Наблюдая за ними обоими с конца 1964 года до их смерти – Суслова в начале 1982 года, а Брежнева в конце того же года, – я видел, что, несмотря на возраставшее с течением времени влияние Андропова, Устинова и Громыко, Суслов все же оставался по-настоящему вторым человеком в партии, а тем самым и в государстве. Не случайно поэтому, что он оказался единственным человеком из не первых лиц и не участников Октябрьской революции, кто был похоронен в землю за Мавзолеем Ленина. Мне довелось быть свидетелем того, как решался этот вопрос. Первоначально было уже принято и оформлено решение о кремировании и захоронении урны с прахом Суслова в Кремлевской стене. Но в последний момент Брежнев предложил изменить решение. Он вспомнил, как в один из недавних праздников, когда члены Политбюро проходили из Кремля мимо могил за Мавзолеем, Суслов то ли всерьез, то ли в шутку сказал: «Вот тут есть еще местечко и для меня». «Давайте, – сказал Брежнев, – уважим пожелание Михаила Андреевича». Возражений не последовало.

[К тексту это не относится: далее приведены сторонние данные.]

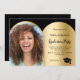 Fügen Sie Ihr eigenes Foto in vertikaler Größe des Absolventen hinzu. Ein goldförmiges Foto aus Imitaten. Ein Imitat mit goldener und schwarzer Hintergrundfarbe. Personalisieren und fügen Sie einen Namen und Party-Details hinzu.
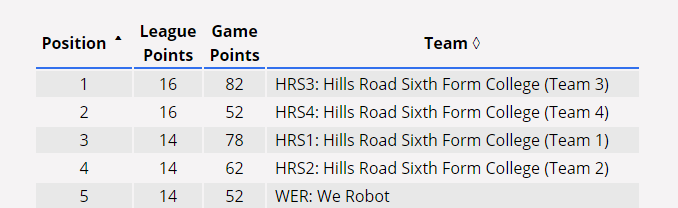 We have entered 4 teams (HRS1, HRS2, HRS3, HRS4). They all worked hard over the Christmas break to upload the code for the first league session. This was a massive success. HRS3 came in first winning all of their matches and leading with a staggering 82 league points. What’s better is the next 3 places were all the other Hills Road teams.
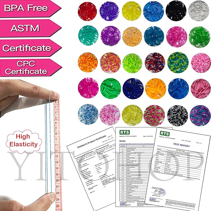 • [ HIGH QUALITY LATEX & NON-TOXIC ] WE GUARANTEE Hundred Percent safe and non-toxic, free from latex, lead and phthalates. The rubber loom band has excellent performance on elasticity, softness and durability, it is optimal choice to make bracelets, arts and crafts gift, Christmas decoration,...ect.
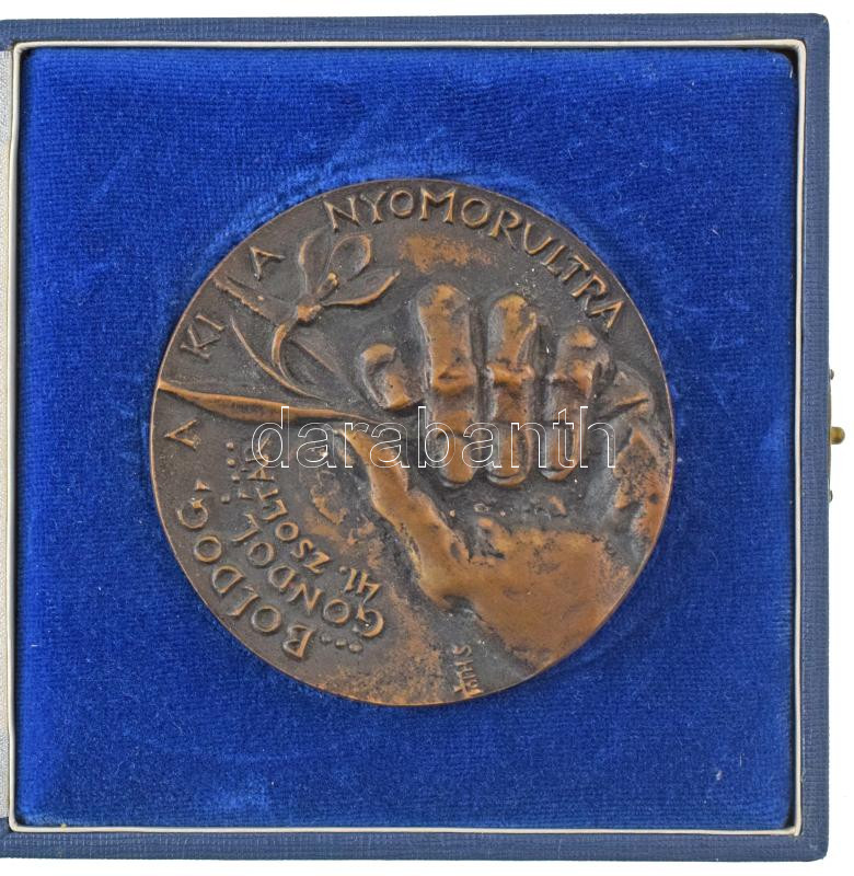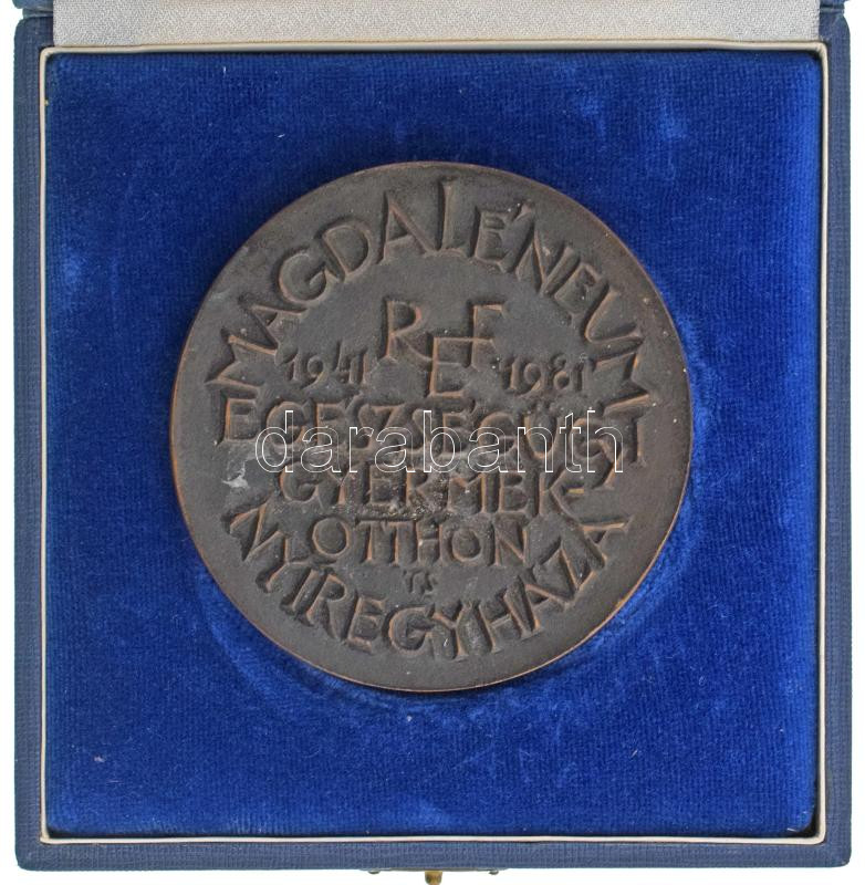 Tóth Sándor (1933-2019) 1981. "Magdaléneum - 1941 Ref 1981 Egészségügyi Gyermekotthon - Nyíregyháza / ...Boldog, aki a nyomorultakra gondol 41. zsoltár" kétoldalas, öntött bronz plakett, eredeti dísztokban (86mm) T:AU

На заседаниях Политбюро, когда их вел Брежнев, Суслов бывал немногословен, говорил всегда по делу, в отличие от других не занимался славословием Генсека, что в последние годы жизни Брежнева стало обязательным ритуалом. Свое несогласие по каким-то серьезным вопросам он, похоже, предпочитал обговаривать наедине с Брежневым.
Суслова не без оснований считали догматиком в идеологических вопросах. Вместе с тем, когда речь шла о государственных делах – о нашей позиции на переговорах по разоружению, о конкретных вопросах наших отношений с той или иной капиталистической страной и т. п., – я не замечал, чтобы его мнение по этим вопросам носило явно выраженную идеологическую окраску. Правда, встречаться с представителями капиталистического мира он очень не любил. На моей памяти он только однажды принял для беседы политического деятеля нелевого толка. Это был американский сенатор У. Скотт, лидер республиканцев в сенате США, которого по просьбе Никсона обещал принять Брежнев, но в связи с очередным его недомоганием беседовать с ним пришлось Суслову. Присутствуя на этой беседе, я обратил внимание на то, что Суслов изъяснялся с сенатором на вполне нормальном «государственном» языке с использованием аргументации, лишенной идеологических стереотипов.
Суслов, будучи «выпускающим» решения Политбюро и Секретариата после их голосования «по кругу», в ряде случаев позволял себе, особенно когда речь шла о кадровых, наградных и тому подобных вопросах, поправлять их, иногда передокладывая Брежневу, а иногда и нет. Я испытал это на собственном опыте.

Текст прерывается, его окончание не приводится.